If \(d<\sqrt{\frac{2 N^3 - 18N^2}{e}}\), then \(\left| \frac{e}{N'} - \frac{k}{d}\right| <\frac{1}{2d^2}\) and by Theorem 2, \(\frac{k}{d}\) is a convergent of the continued fraction expansion of \(\frac{e}{N'}\). Using k and d, we get

$$ \left( p^2 - 1\right) \left( q^2 -1\right) =\frac{ed-1}{k}. $$

Combining with \(N=pq\), we get the values of p and q which leads to the factorization of N. Observe that every step in the proof can be done in polynomial time. This terminates the proof.

4.1 A Numerical Example

In connection with Theorem 3, we present an experimental result. We consider the RSA modulus N and the public exponent e as follows.

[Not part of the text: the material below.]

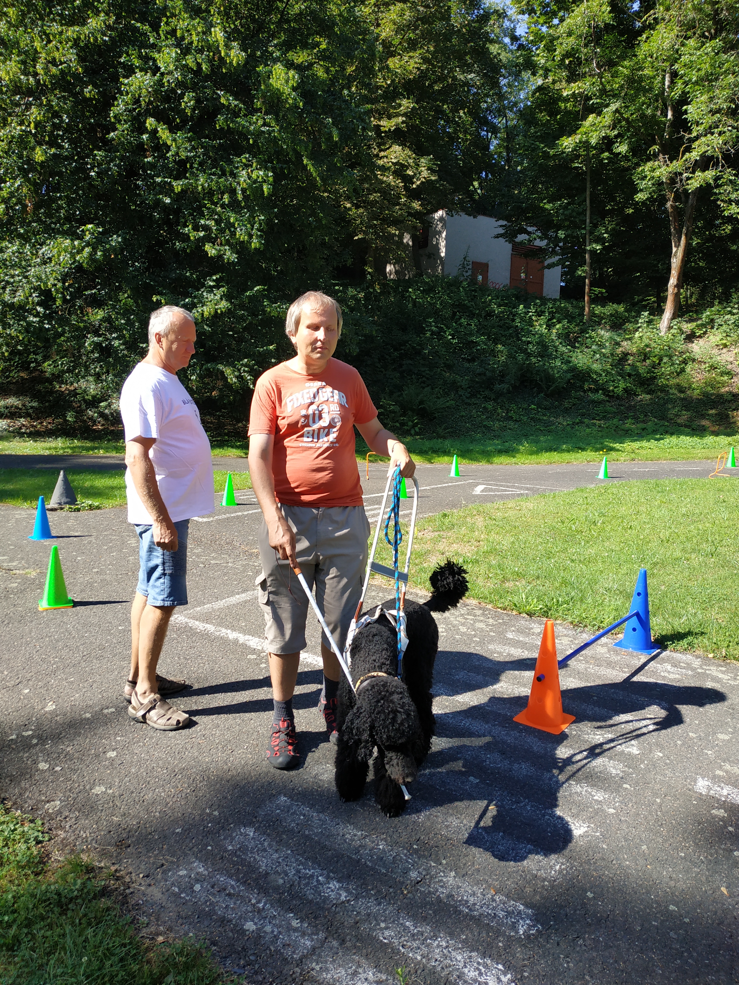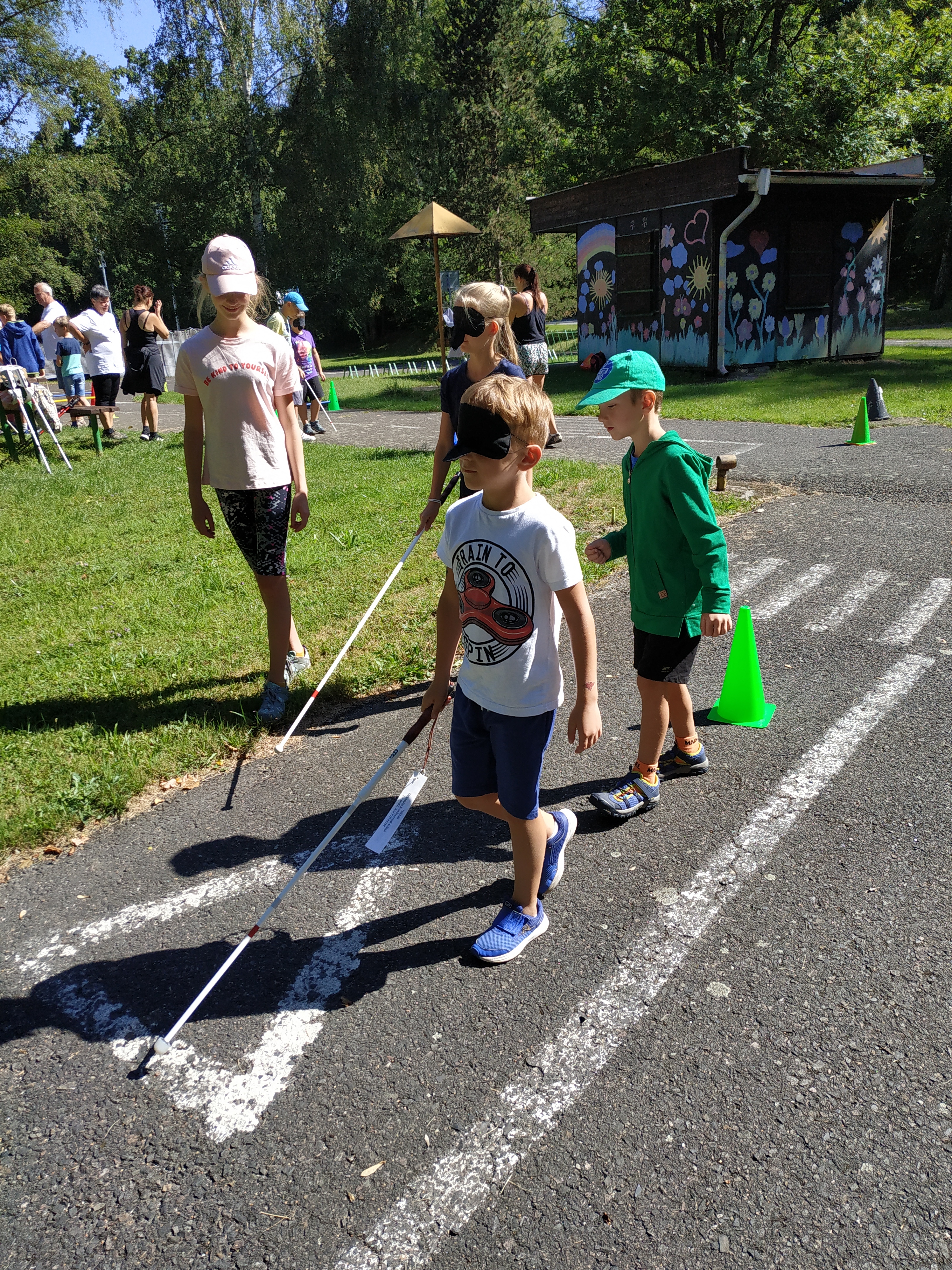 Dne 8. srpna jsme zavítali mezi děti pěíměstského tábora v Heřmanově Městci v Domě dětí Na Ježkovce. Nejprve Honza dětem stručně nastínil svět nevidomých a Zdeněk Nenečeřal popovídal o významu vodicího pejska pro nevidomého a také předvedl, jak mu pomáhá zvládat cestu. Poté jsme přistoupili k různým hrám: děti si vyzkoušeli chůzi s bílou holí, zahráli si pexeso pro nevidomé, zkoušeli po slepu rozpoznávat různé předměty. Zděněk jim ukázal, jak se čte braillovo písmo. Děti byli velmi vnímavé a hry je zaujaly. Nicméně si ověřili, že je lepší dívat se na svět zdravýma očima.

$$\begin{aligned} \begin{aligned} N&=2617939220553315302745462091,\\ e&=5656039332305952436559424461831783955572872351157004185. \end{aligned} \end{aligned}$$

The first partial quotients of \(\frac{e}{N^2 - \frac{9}{4} N +1}\) are

$$\begin{aligned} \begin{aligned}&0, 1, 4, 1, 2, 1, 1, 1, 1, 3, 1, 1, 1, 46, 3, 5, 1, 1, 2, 26, 2, 2, 39, 1, 3, 2, 3, 1, 23104, 1, 9,\\&1, 1, 2, 1, 3, 2, 2,.... \end{aligned} \end{aligned}$$

We found \(\frac{k}{d}\) at the 28th convergent

$$ \frac{k}{d}=\frac{981582747476}{1189415557289} $$

and obtain

$$\begin{aligned} \begin{aligned}&\left( p^2-1\right) \left( q^2-1\right) =\frac{ed-1}{k}\\&=6853605762511300064473195588212095096351361928469816064. \end{aligned} \end{aligned}$$

Combining with the equation \(N=pq\), we get

$$\begin{aligned} \begin{aligned} p&=68410308889243,\\ q&=38268197630737. \end{aligned} \end{aligned}$$

which completes the factorization of N. In this example, we can check that the condition \(d<\sqrt{\frac{2 N^3 - 18N^2}{e}}\) is satisfied as required in Theorem 3.

5 Conclusion

We have proposed an attack on three variants of the RSA cryptosystem, namely the Kuwakado-Koyama-Tsuruoka extension for singular elliptic curves, Elkamchouchi et al.’s extension of RSA to the Gaussian integer ring and Castagnos scheme. For the three extensions, we showed that the RSA modulus \(N=pq\) can be factored in polynomial time if the public exponent e is related to a suitably small secret exponent d. The attack is based on the theory of continued fractions and can be seen as an extension of Wiener’s [11] and Bunder-Tonien’s [2] attacks on the RSA.